##### Material provided #####
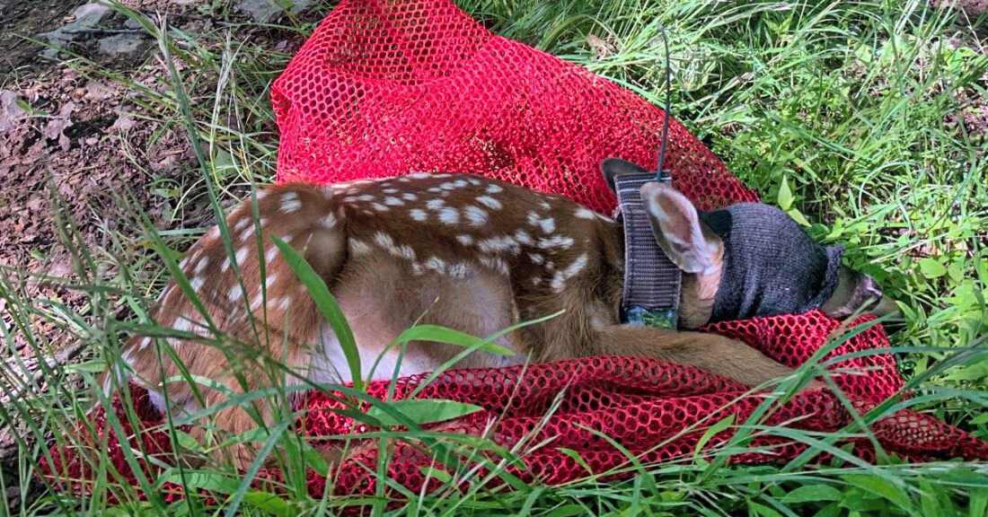 Un cervatillo recién puesto capturado en la Reserva Natural de la Montaña Warm Springs. A menudo, los cervatillos se encontraban muy cerca de los caminos de tierra en los sitios de estudio de mayor elevación.
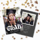 This modern graduation announcement features a vertical full frame photo and retro yet elegant typography on the front. On the back there is another photo with text for a graduation party / open house. This invitation text / photo on the back can also be deleted. All colours in this design are customisable.
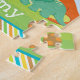 Färgstarka dinosaurivänner utformade med tropiska träd och solljus, med dinosaurieägg och avtryck klämmor på en baksida av stripessblått, grönt, gult och orange
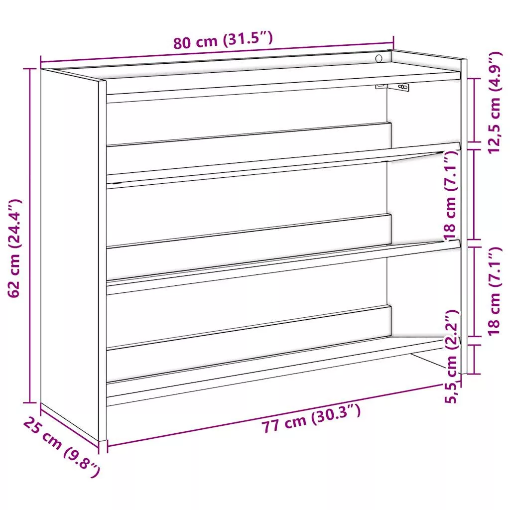 - Bőséges tárolóhely: A cipőtartó polcai elegendő helyet biztosítanak a cipők tárolásához. Ezzel a praktikus cipőtárolóval nem fog többé bosszankodni azon, hogy a lábbelik elfoglalják az egész padlót.
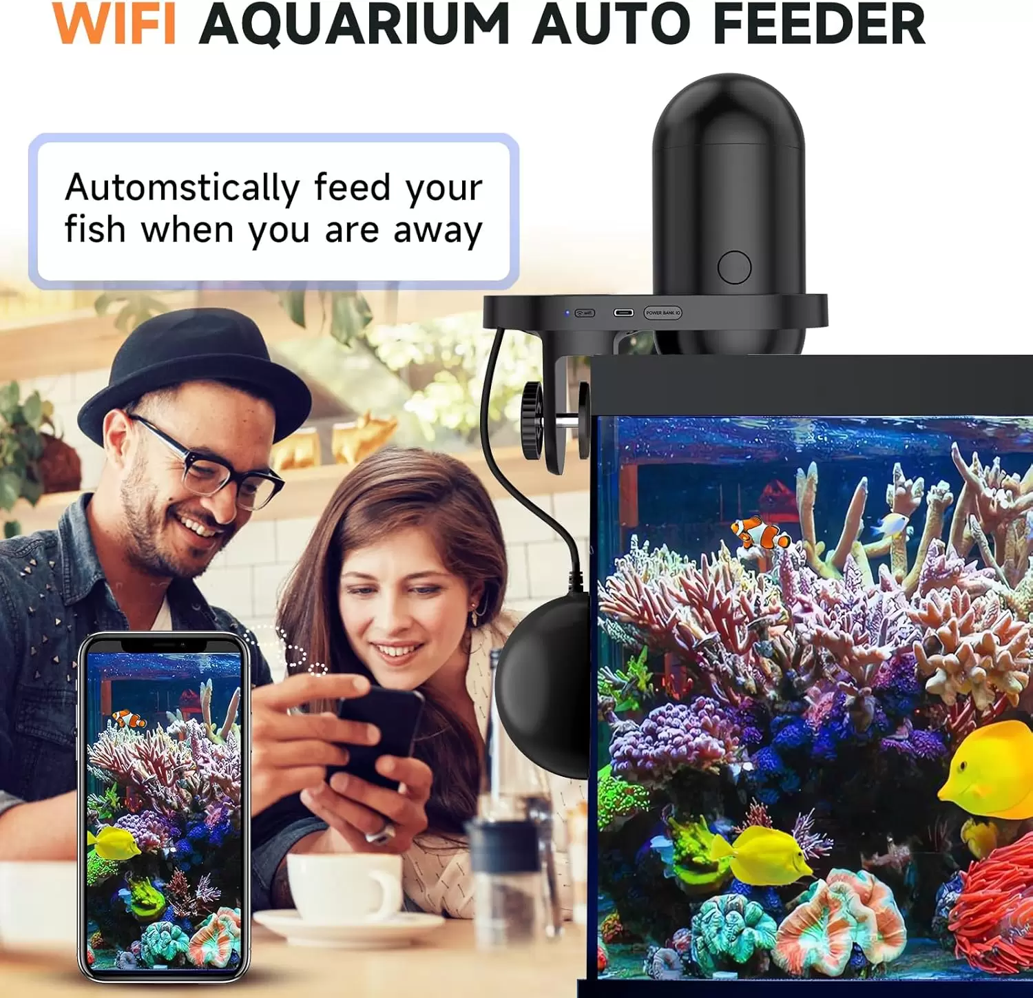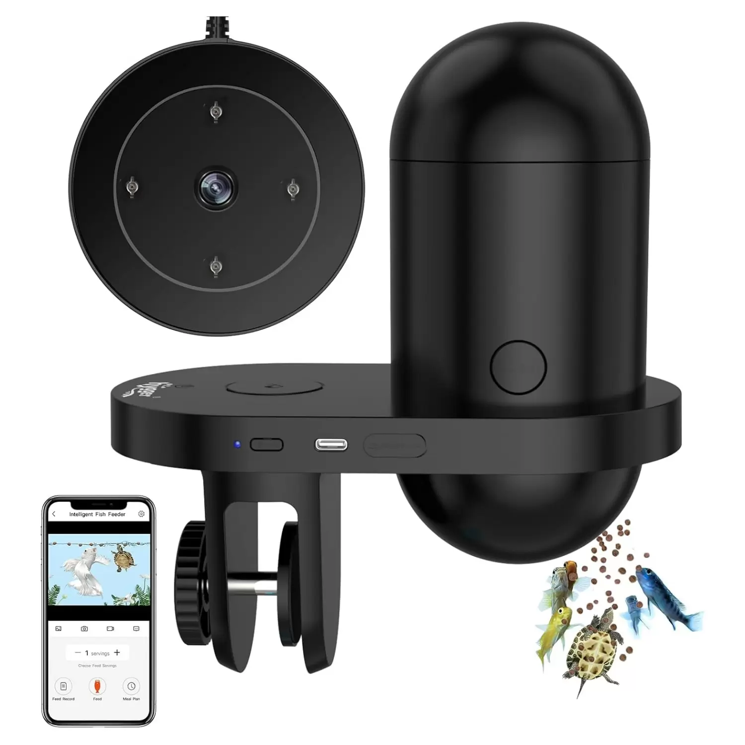Comedero WiFi con Cámara HD para control total. Programa alimentación personalizada y vigila a tus peces en vivo por App. Diseño antihumedad para viajes sin preocupaciones.
#####
When you find the line that contains "- Bőséges tárolóhely: A", retype it and every line after it through the end of the data above, exactly, with no pictures.

Exercise solution:
 - Bőséges tárolóhely: A cipőtartó polcai elegendő helyet biztosítanak a cipők tárolásához. Ezzel a praktikus cipőtárolóval nem fog többé bosszankodni azon, hogy a lábbelik elfoglalják az egész padlót.
Comedero WiFi con Cámara HD para control total. Programa alimentación personalizada y vigila a tus peces en vivo por App. Diseño antihumedad para viajes sin preocupaciones.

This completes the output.